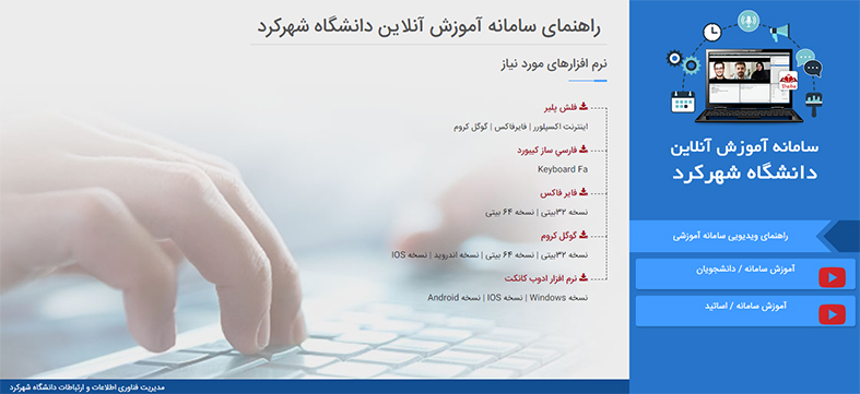 سایت آموزش الکترونیک دانشگاه شهرکرد  به منظور ارائه  کلیه اطلاعات لازم و ویدیو های آموزشی برای استفاده از کلاس های آنلاین توسط فناوری اطلاعات دانشگاه طراحی  و رونمایی شده است.
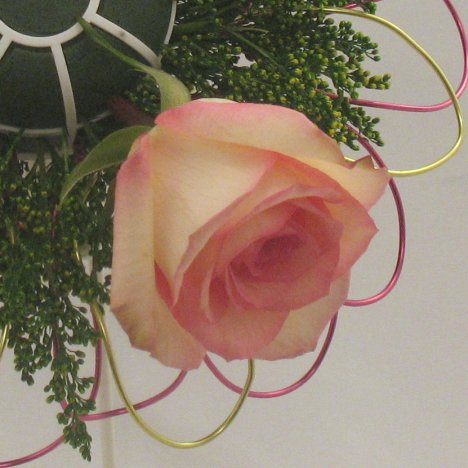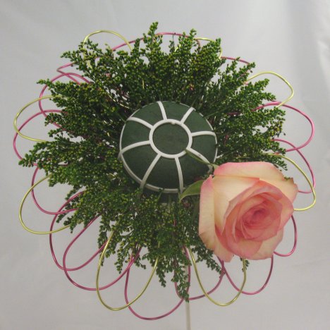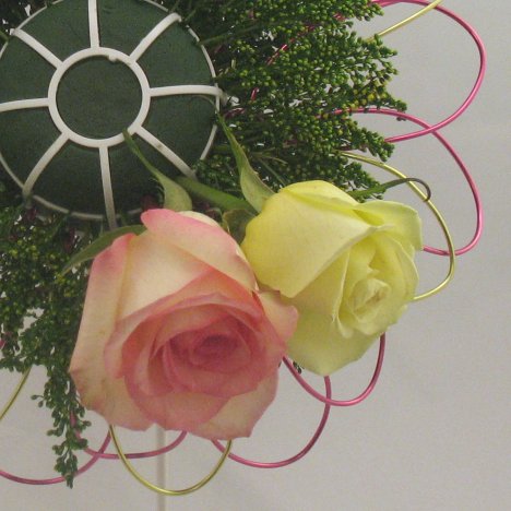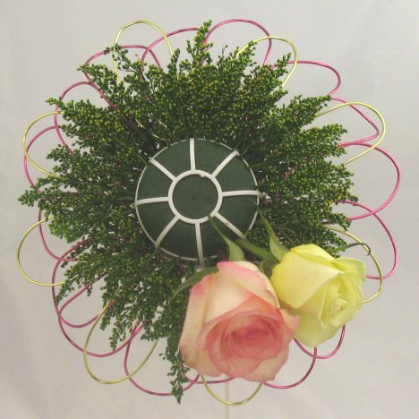 I cluster the rose heads together, inserting the in the foam only about an inch. Take care that the flower heads don't cover up that cool wire collar.
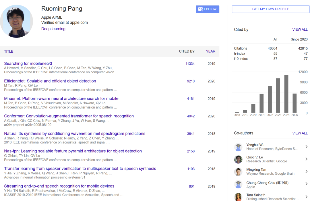 6月WWDC开发者大会上,他于1998年获得上海交通大学计算机科学学士学位,Ruoming Pang的副手Tom Gunter已于6月离职,
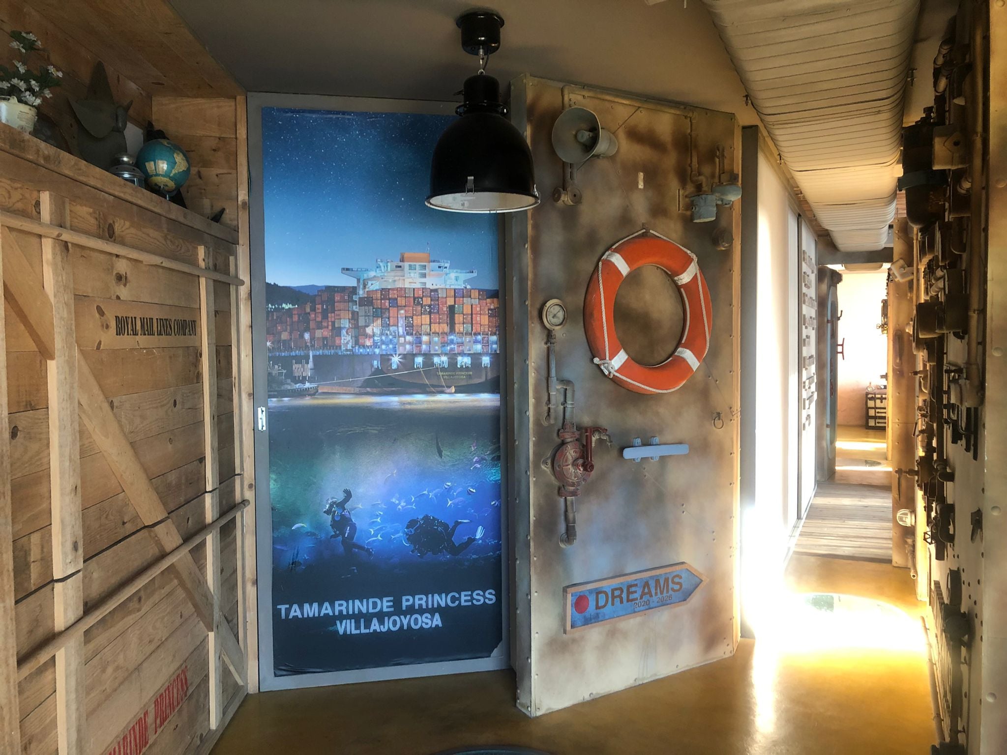 Detalles que le dan un toque distinguido a cualquier interior. Aunque en este caso la temática gira en torno al mar. Diseños en relieve para el cabecero de la cama, un fotomontaje de submarinistas para el armario o un diseño del mítico dibujo de la sirena y el submarinista para el jacuzzi.
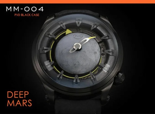 立体的になっている文字盤は光を吸収し、暗い場所では神秘的な火星のように赤く光ります。
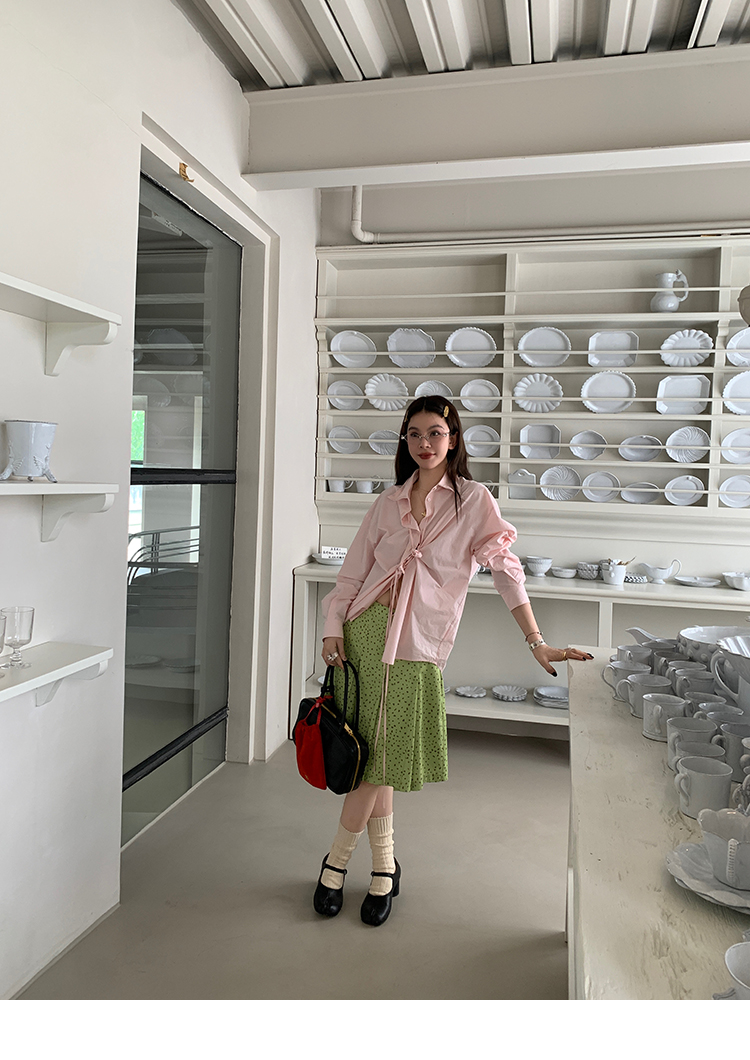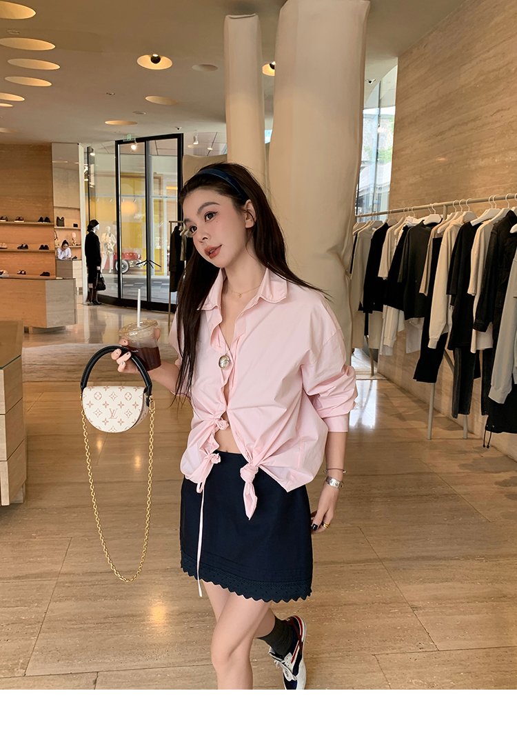 LRIB twisted lapel free knotted pink shirt
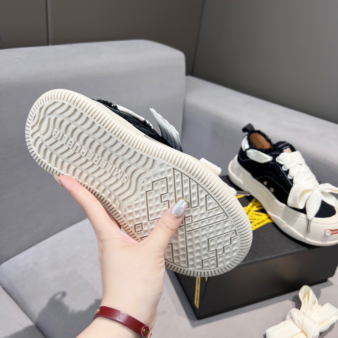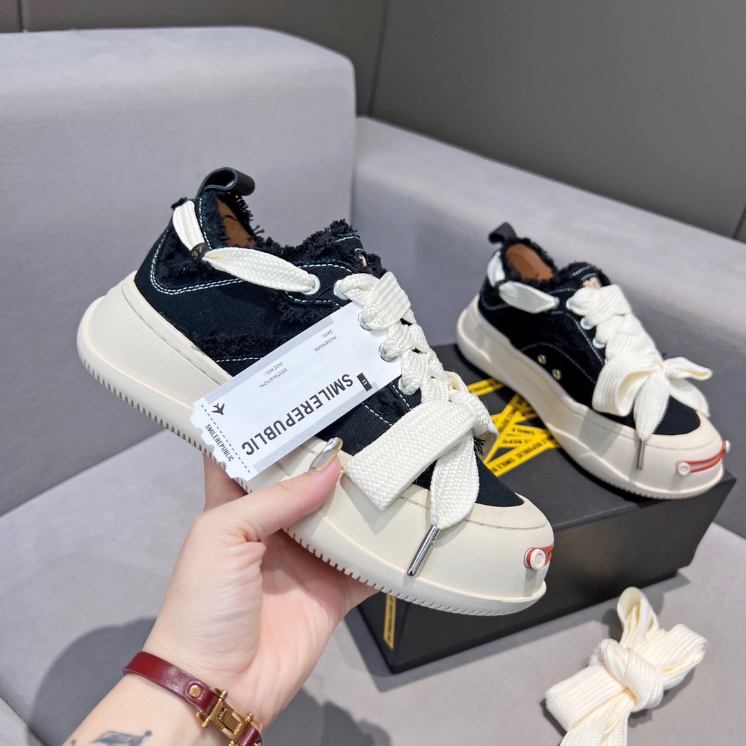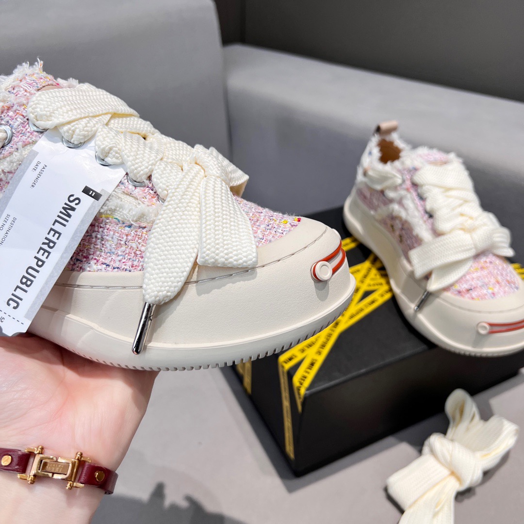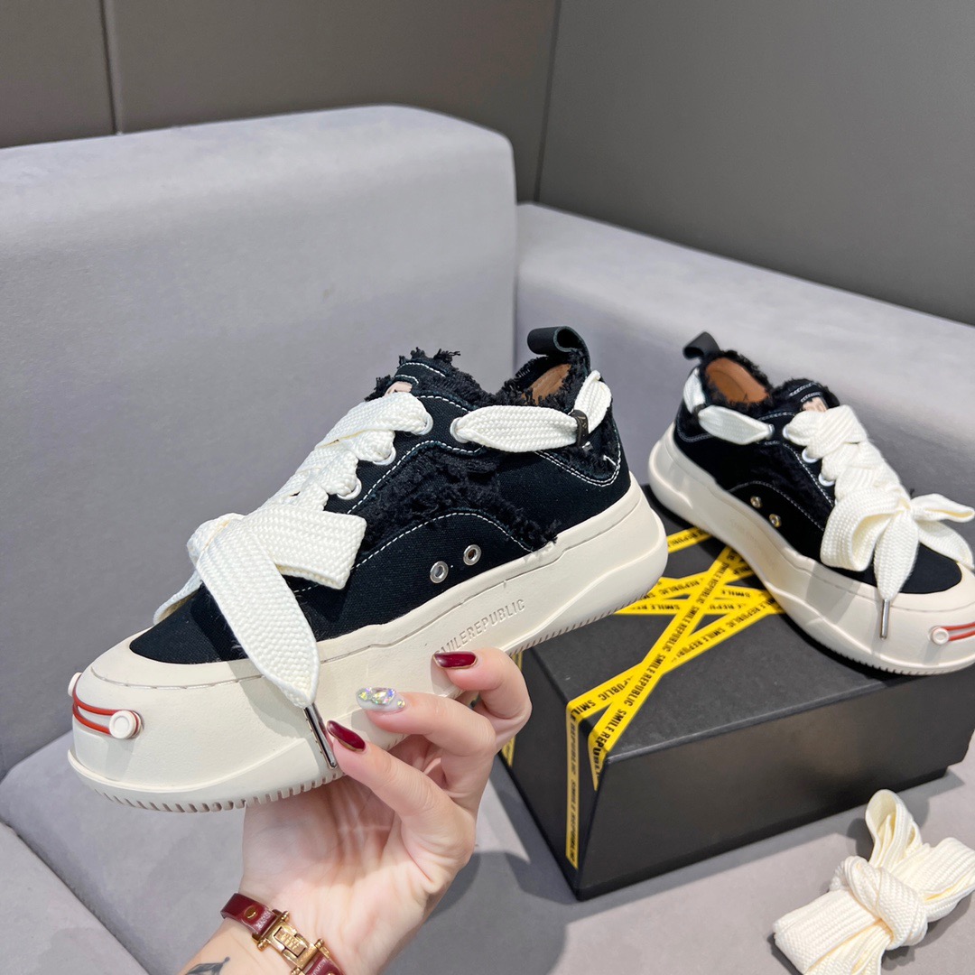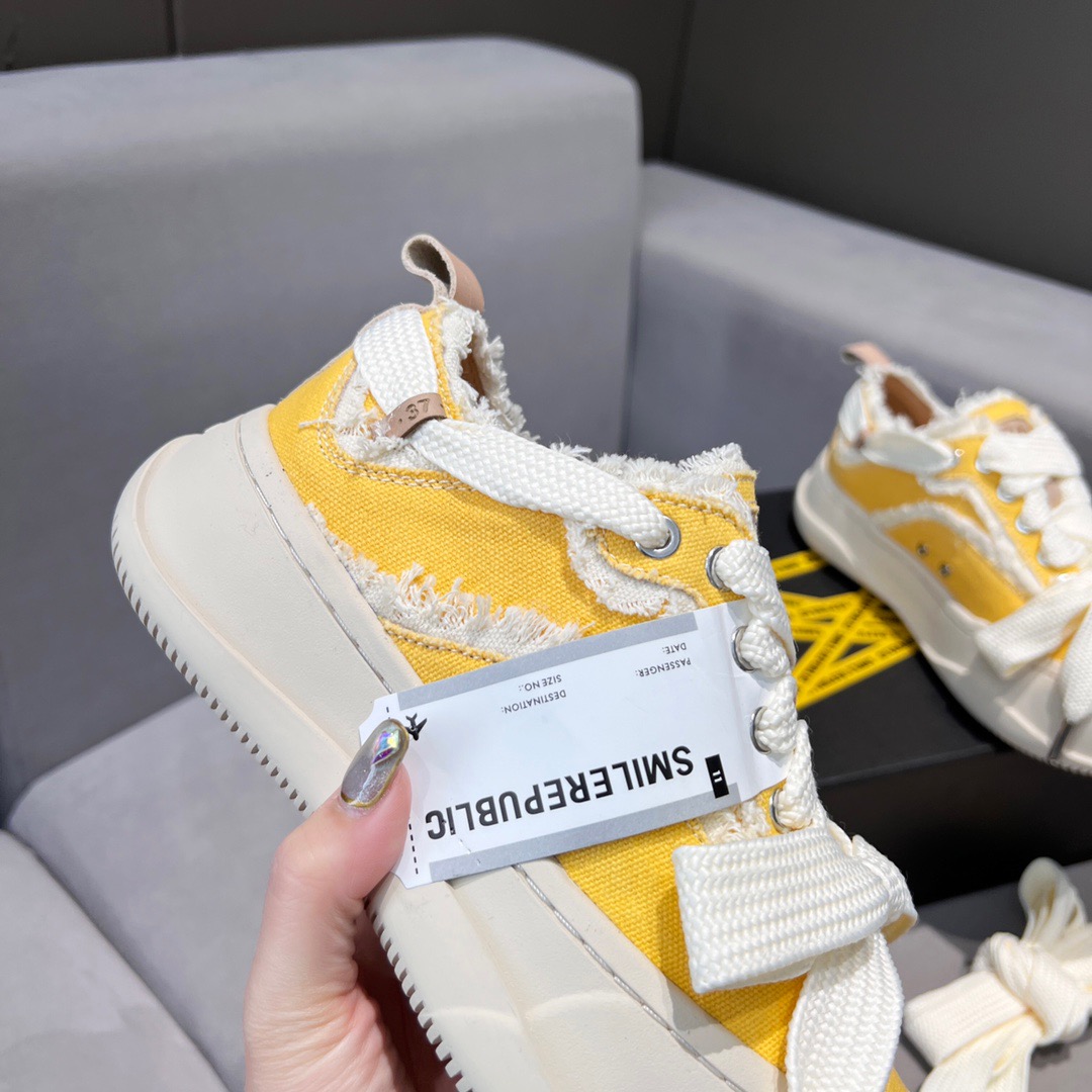 圆润的低帮厚底帆布鞋型,前端做了小凹槽+橡皮筋点缀修饰,呈现“开口笑”的设计!
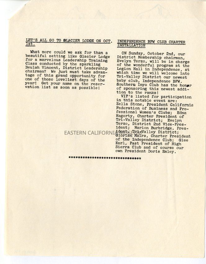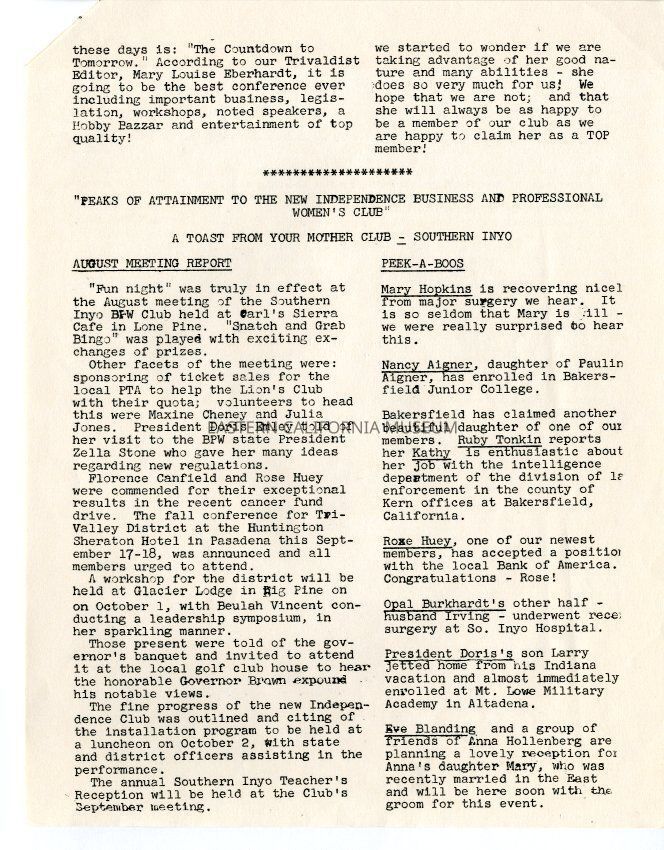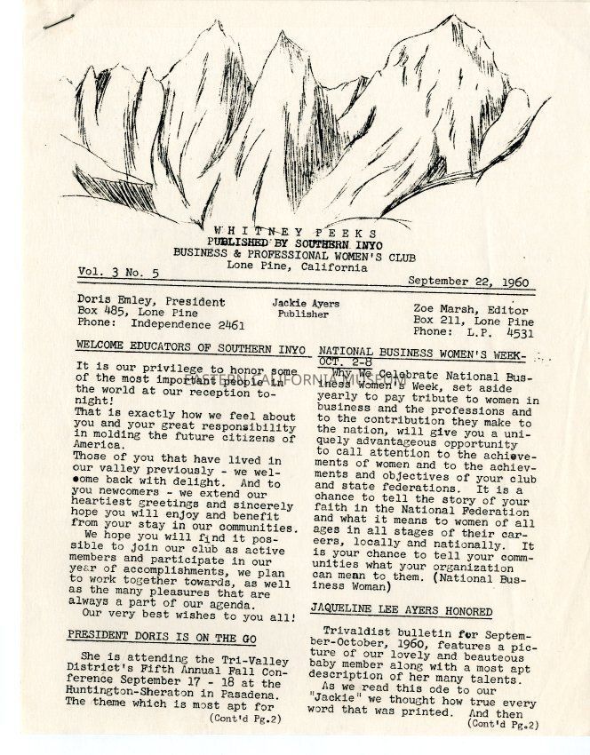 The "Whitney Peeks" newsletter published by the Southern Inyo Business and Professional Women's Club. This one is identified as, "Vol. 3, No. 5" and "September 22, 1960." Three letter sized pages.Collection

* [YOUR GOAL] Write out the material above again, word for word, minus its pictures.

* [OUTPUT FOR THIS EXERCISE]
 سایت آموزش الکترونیک دانشگاه شهرکرد  به منظور ارائه  کلیه اطلاعات لازم و ویدیو های آموزشی برای استفاده از کلاس های آنلاین توسط فناوری اطلاعات دانشگاه طراحی  و رونمایی شده است.
 I cluster the rose heads together, inserting the in the foam only about an inch. Take care that the flower heads don't cover up that cool wire collar.
 6月WWDC开发者大会上,他于1998年获得上海交通大学计算机科学学士学位,Ruoming Pang的副手Tom Gunter已于6月离职,
 Detalles que le dan un toque distinguido a cualquier interior. Aunque en este caso la temática gira en torno al mar. Diseños en relieve para el cabecero de la cama, un fotomontaje de submarinistas para el armario o un diseño del mítico dibujo de la sirena y el submarinista para el jacuzzi.
 立体的になっている文字盤は光を吸収し、暗い場所では神秘的な火星のように赤く光ります。
 LRIB twisted lapel free knotted pink shirt
 圆润的低帮厚底帆布鞋型,前端做了小凹槽+橡皮筋点缀修饰,呈现“开口笑”的设计!
 The "Whitney Peeks" newsletter published by the Southern Inyo Business and Professional Women's Club. This one is identified as, "Vol. 3, No. 5" and "September 22, 1960." Three letter sized pages.Collection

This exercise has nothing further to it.